Why the 'Last Mile' Is So Critical
From the perspective of technology history, this shift is unsurprising. In the internet era, once the core algorithms of search engines converged, competition shifted to user experience and ecosystem building. In the mobile internet era, once smartphone hardware became homogenized, operating systems and app ecosystems became the decisive factors.
The AI industry is undergoing a similar 'value migration.' When foundational model capabilities become utility-like infrastructure, the real differentiating value is created by productization capabilities built on top of models.
At the Stanford event, one guest offered a vivid analogy: a foundation model is like premium flour, but what users need is bread, cake, or noodles. The 'processing craft' from flour to finished product is the key link that determines the final product's value.

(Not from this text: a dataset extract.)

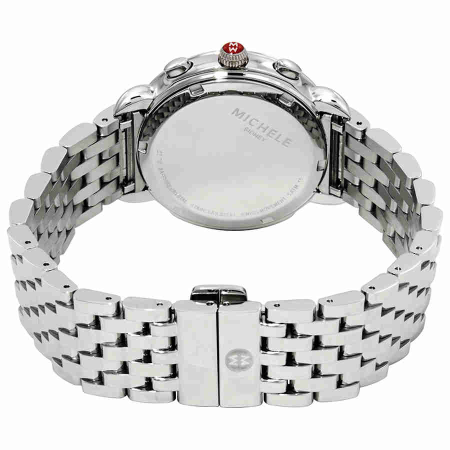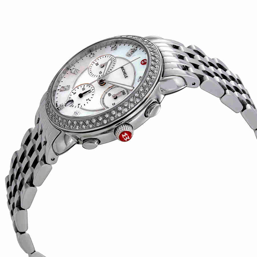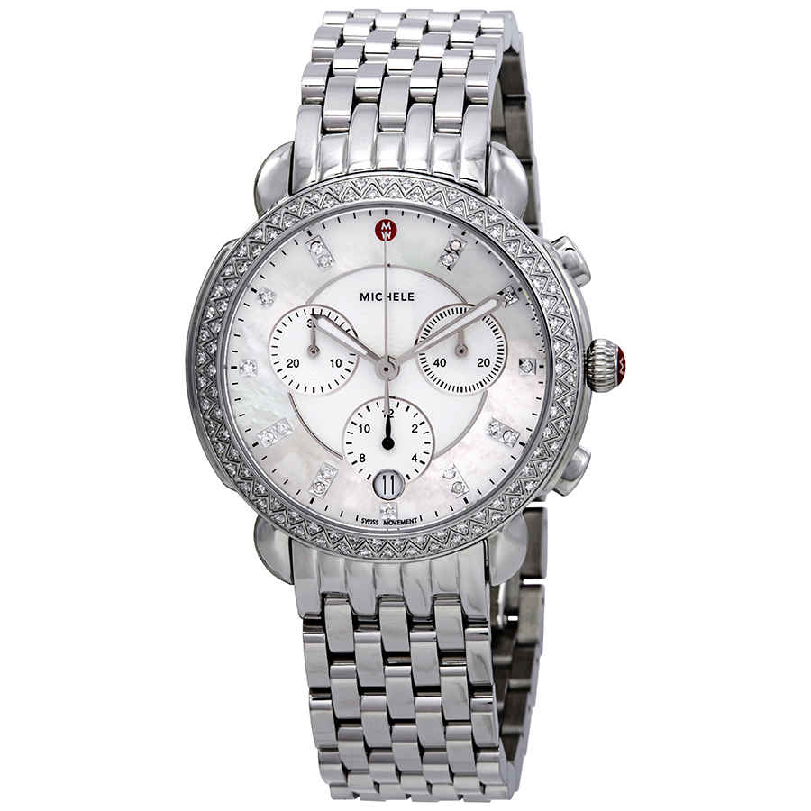 Stainless steel case with a stainless steel bracelet. Fixed stainless steel bezel set with diamonds. Mother of pearl dial with luminous silver-tone hands and diamond hour markers. Minute markers around the outer rim. Dial Type: Analog. Luminescent hands. Date display at the 6 o'clock position. Chronograph - three sub-dials displaying: 60 second, 30 minute and 12 hours. Quartz movement. Scratch resistant sapphire crystal. Solid case back. Round case shape. Case size: 38 mm. Case thickness: 11 mm. Band width: 18 mm. Deployment clasp with a push button release. Water resistant at 50 meters / 165 feet. Functions: chronograph, date, hour, minute, second. Additional Info: in general, suitable for short periods of recreational swimming, but not diving or snorkeling. Dress watch style. Watch label: Swiss Made. Michele Sidney Chronograph Diamond Ladies Watch MWW30A000001.

This assessment is corroborated by market data. According to recent reports from multiple research institutions, since 2024, the investment focus in AI has begun shifting from foundation model companies toward the application and middleware layers. Investors are increasingly asking not 'how big is your model' but rather 'what specific problem does your product solve' and 'what are your user retention and paid conversion rates.'
Four Major Trends in the New Competitive Landscape
Based on the Stanford event discussions and industry observations, the second half of AI competition is exhibiting four major trends:
Trend 1: Deep Cultivation of Vertical Scenarios Replaces General Capability Competition
The 'versatility' of general-purpose large models has ironically become a weakness in specific scenarios. Future winners will be products that deliver exceptional experiences in vertical domains such as healthcare, law, finance, and education. This requires not only deep integration of domain knowledge but also a precise understanding of user workflows.

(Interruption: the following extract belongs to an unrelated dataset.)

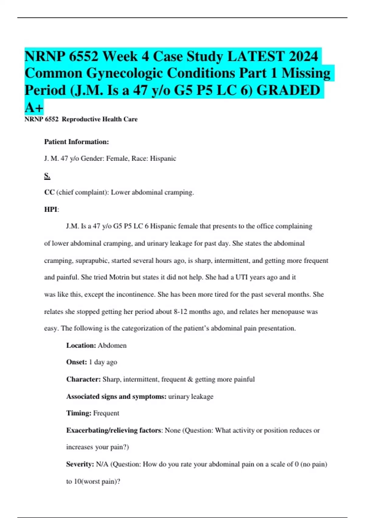 NRNP 6552 Week 4 Case Study LATEST 2024 Common Gynecologic Conditions Part 1 Missing Period (J.M. Is a 47 y/o G5 P5 LC 6) GRADED A+

Trend 2: AI Product Managers Become a Scarce Resource
As technical barriers lower, product design capability becomes a core competitive advantage. How to define AI interaction paradigms, how to design optimal human-machine collaboration workflows, how to balance powerful functionality with simplicity of use — these questions require hybrid talent with both technical understanding and user insight. AI product managers are becoming the most sought-after roles in the industry.
Trend 3: Evaluation Systems Shift from Benchmark Scores to User Value
Traditional model evaluation emphasizes standardized benchmarks, but these scores often disconnect from real user experience. The industry is establishing new evaluation frameworks that focus more on task completion rates, user satisfaction, error recovery capabilities, and other 'product-level' metrics. A model that scores high on benchmarks is not necessarily a good product, but a good product is always built on a deep understanding of user needs.

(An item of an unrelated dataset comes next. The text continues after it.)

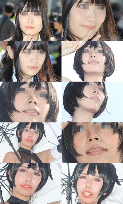 コスプレイヤーの皆さんの顔面に寄ってみました。 肌の質感や、歯茎、鼻の穴など、フェチ要素たっぷりとなっております。 枚数96枚

Trend 4: Safety and Trust Become Prerequisites for Commercialization
As AI applications enter highly sensitive fields such as finance, healthcare, and government services, safety and trustworthiness are no longer 'nice-to-haves' but 'entry requirements.' Enterprise clients are imposing increasingly strict requirements on data privacy, output controllability, and audit traceability when selecting AI solutions. The quality of safety guardrails directly impacts the signing of commercial contracts.
Implications for China's AI Ecosystem
This trend holds particular significance for China's AI industry. At the foundation model level, Chinese companies have demonstrated strong momentum in catching up, with products like Baidu's ERNIE, Alibaba's Tongyi, and ByteDance's Doubao approaching top international standards across multiple capabilities.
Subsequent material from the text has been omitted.